FIG. 1 illustrates an example of an image processing system 100 according to aspects of the present disclosure. The image processing system 100 includes user device 110, cloud 115, image processing apparatus 120, and database 125. In the example illustrated in FIG. 1, user 105 provides an input image 130. The image processing system 100 process the input image 130 based on a controllable image processing setting, generating output image 135.

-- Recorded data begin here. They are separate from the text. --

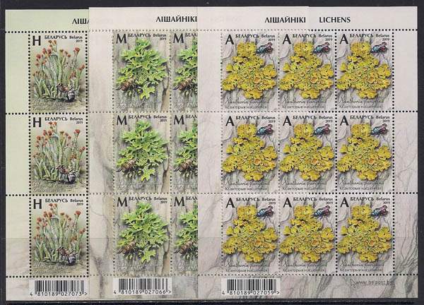 Беларусь 2019 год. Лишайники. 3 малых листа (BY1027)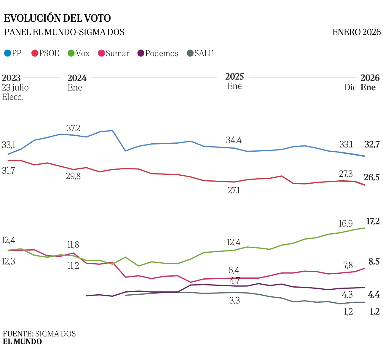 El primer examen demoscópico de 2026 elaborado por Sigma Dos estima que el PSOE obtendría hoy en las urnas 107 escaños, 14 menos que los que ocupa ahora en el Congreso. Pierde uno frente a la encuesta de diciembre, cuando reunía el 27,3% del voto -la bajada es de 0,8 puntos en un mes-.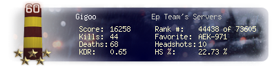 | Kills | 44 | Deaths | 68 | Kill / Death | 0.65 |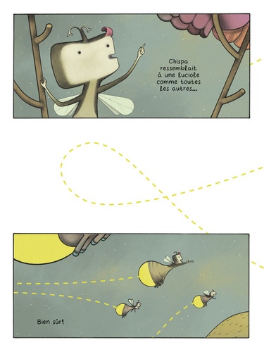 La luciole Chispa en a assez de s'illuminer toujours... en vert ! Et s'il était possible que les lucioles puissent briller en rouge, en orange... de toutes les couleurs ? Peut-être que quelqu'un pourrait lui montrer comment faire...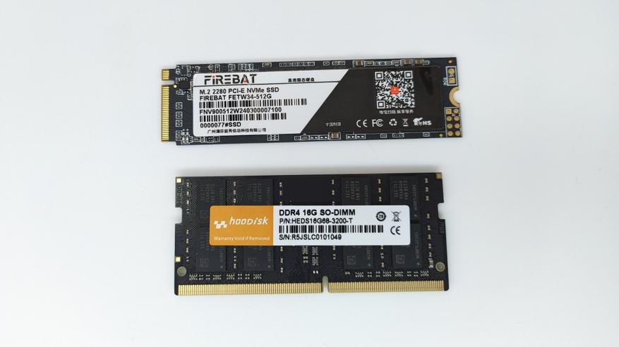 Под SSD расположился M.2 модуль беспроводной связи. Оперативная память фирмы Hoodisk мне неизвестна. Никакой информации по таймингам и вольтажу на ней не указано. Плашка SSD выпущена под брендом Firebat, но это обычная практика для OEM-комплектующих.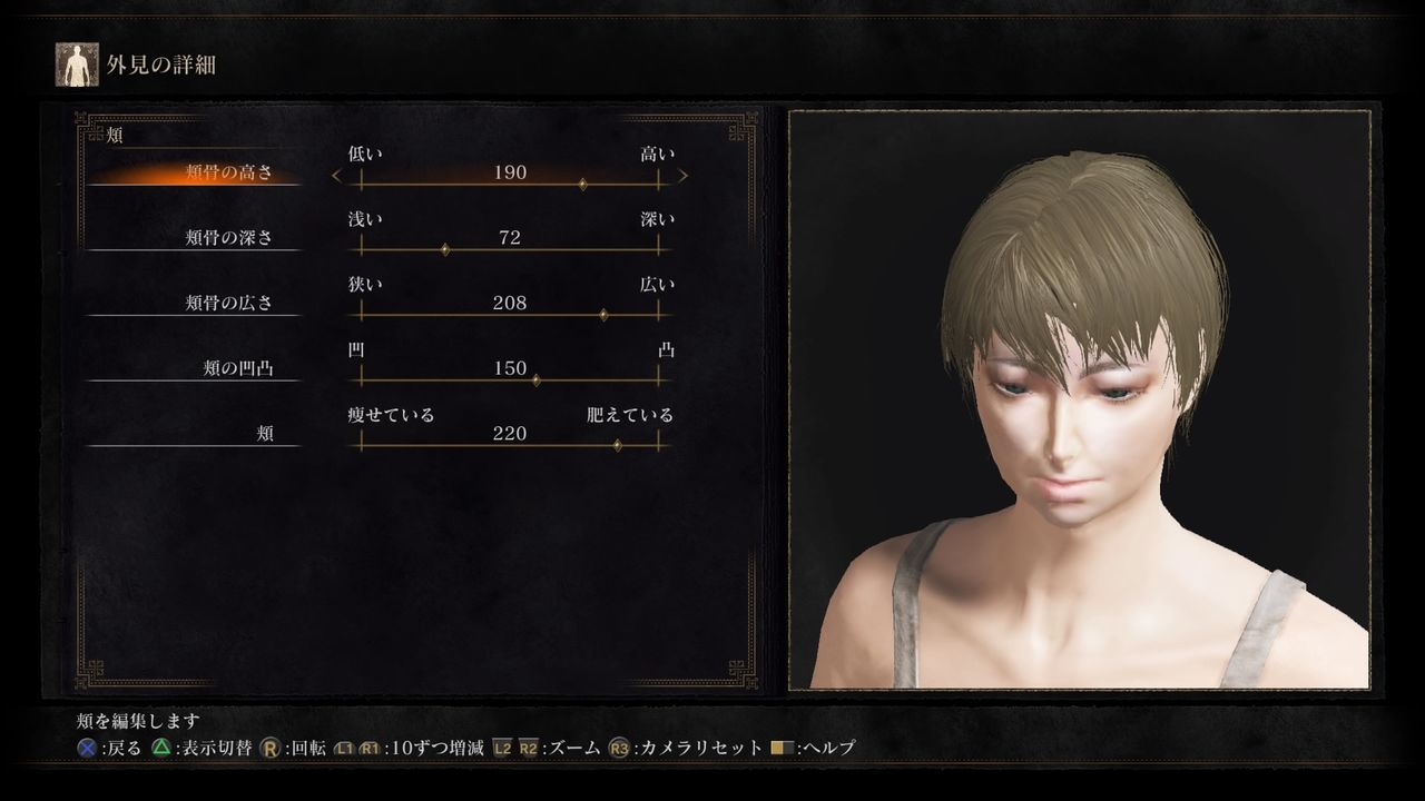 頬(Cheeks):頬骨の高さ190/頬骨の深さ72/頬骨の広さ208/頬の凹凸150/頬220
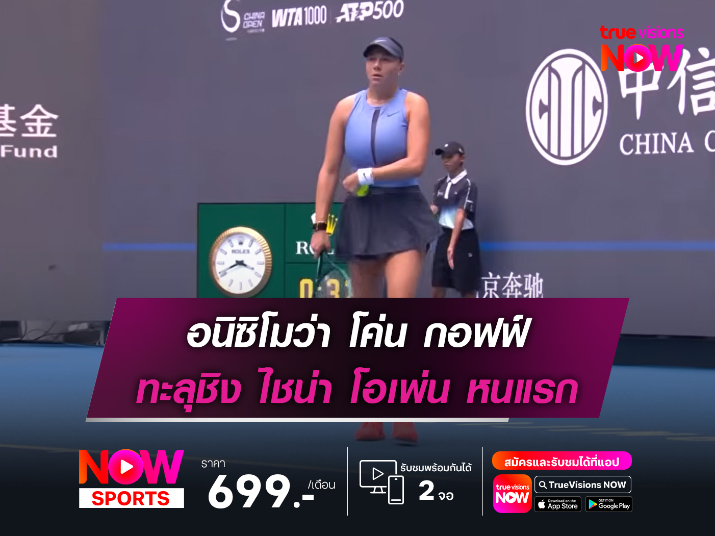 “อนิซิโมว่า” โค่น “กอฟฟ์” ทะลุชิง “ไชน่า โอเพ่น” ครั้งแรก เข้าชิง WTA1000 เป็นรายการที่สองในซีซั่นนี้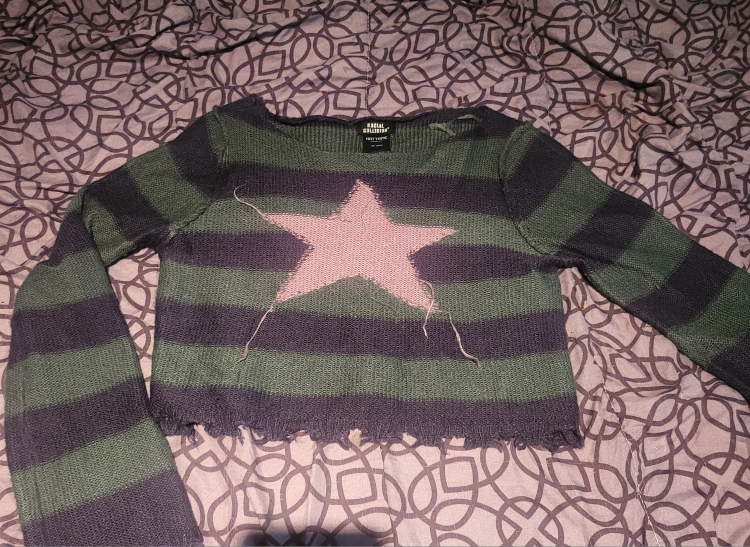 Selling a Social Collision sweater cropped from Hot Topic! It's a size L and made of 100% acrylic. The sweater has a striped pattern with a star design on the front. Perfect for adding a bit of edge to your wardrobe!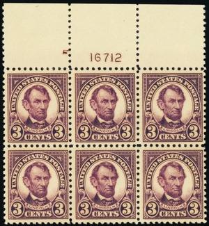 555, Mint NH 3¢ F/VF TOP Plate Block of Six Stamps - Stuart Katz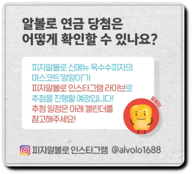 피자알볼로 인스타그램 @ALVOLO1688 을 팔로우 하게 되면 당첨이 됫는지 안됫는지 3일마다 확인을 할 수가 있습니다! 피자사먹고 당첨됬는지 확인해야 겠네요. 팔로우 일단 해보자구요.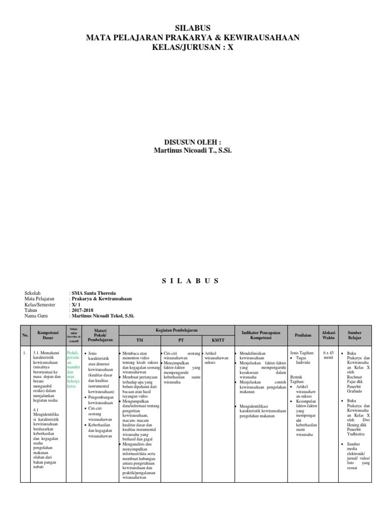 Silabus Kewirausahaan Kelas Xii - Moqgr0ekvalhom / Silabus mata pelajaran nama sekolah :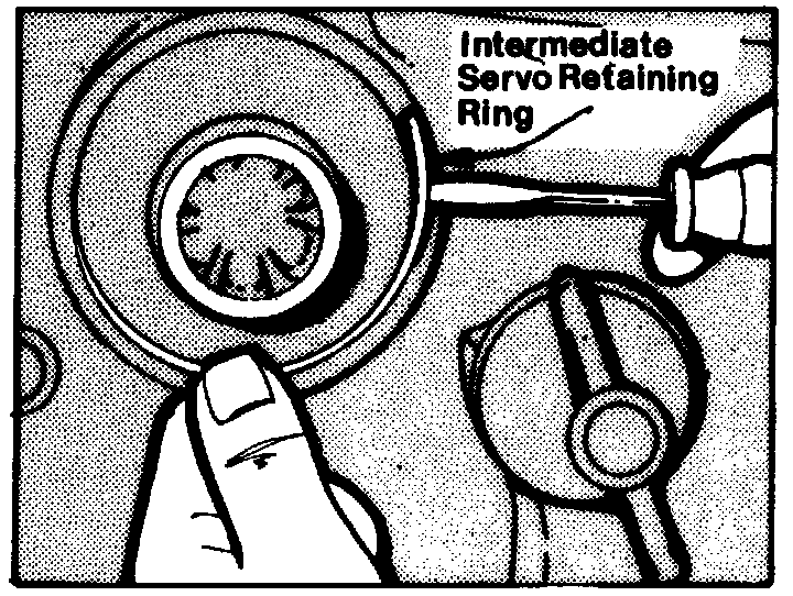 4. Compress intermediate servo cover using tool J-29714 or equivalent, remove retaining ring, see first image, then remove cover and seal ring, see second image, with suitable pliers.
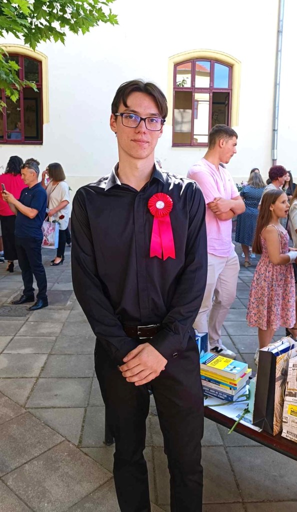 Andrei Ovidiu Petrache, care este șeful Promoției 2020-2024 (media generală 10), adaugă acest Premiu I la palmaresul succesului său literar care numără peste 40 de distincții internaționale, naționale și județene obținute în cei patru ani de liceu.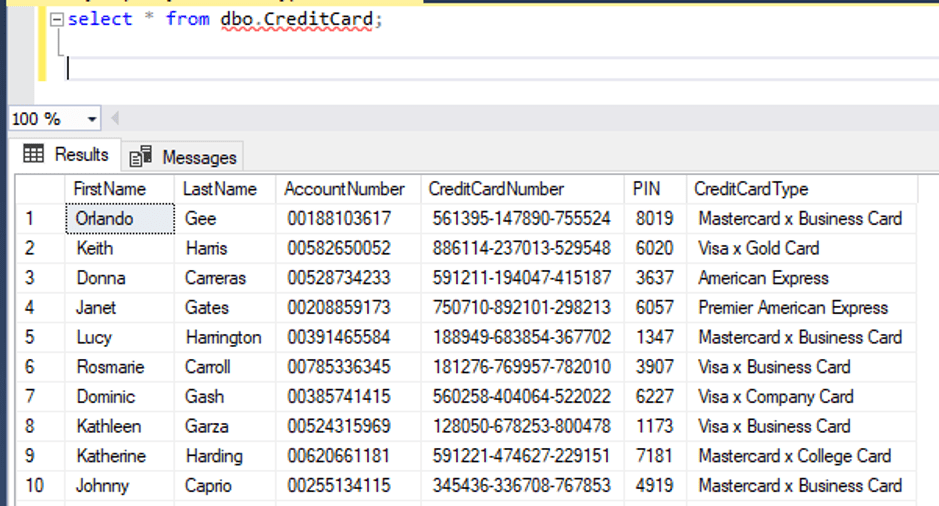 In MSSQL Server we created a table that holds information about credit cards. Inserted data is dummy data. AccountNumber, CreditCardNumber and PIN were generated by random numbers in the excel file and FirstName, LastName and CreditCardType were taken from the Internet.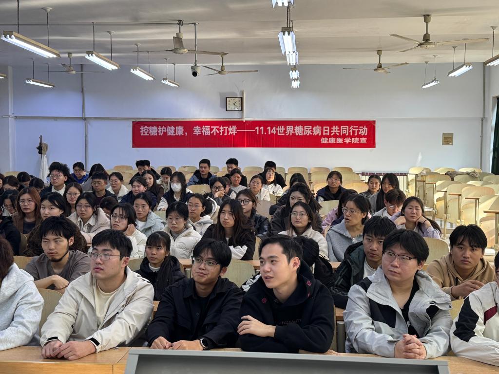 讲座伊始,滕老师从专业角度解析了糖尿病的定义、发病机制及流行趋势。特别强调,近年来糖尿病呈现年轻化趋势,大学生群体因熬夜、缺乏运动、高糖饮食等不良生活习惯,已成为糖尿病的高危人群。通过展示真实的临床案例,讲解了糖尿病视网膜病变、糖尿病肾病等并发症的危害,让同学们深刻认识到科学控糖的重要性。

In the example illustrated in FIG. 1, the user 105 interacts with image processing system 100 via a user device 110. The user device 110 may be a personal computer, laptop computer, mobile device, tablet, or any other suitable processing apparatus capable of running an image processing application. The user device 110 includes a user interface that enables the user 105 to input images, specify image processing settings, and view processed images. The user device 110 may also include a display screen configured to display images, video, text, and/or data to the user. The display screen may be a liquid crystal display (LCD) screen, an organic light emitting display (OLED) display screen, a waveguide display, a quantum dot display, or the like. The user interface may be integrated with the display screen (e.g., a touch screen device). The user device 110 is connected to a cloud 115. The cloud 115 may provide on-demand availability of computer system resources for image processing. The cloud 115 facilitates communication between the user device 110 and other components of the image processing system 100.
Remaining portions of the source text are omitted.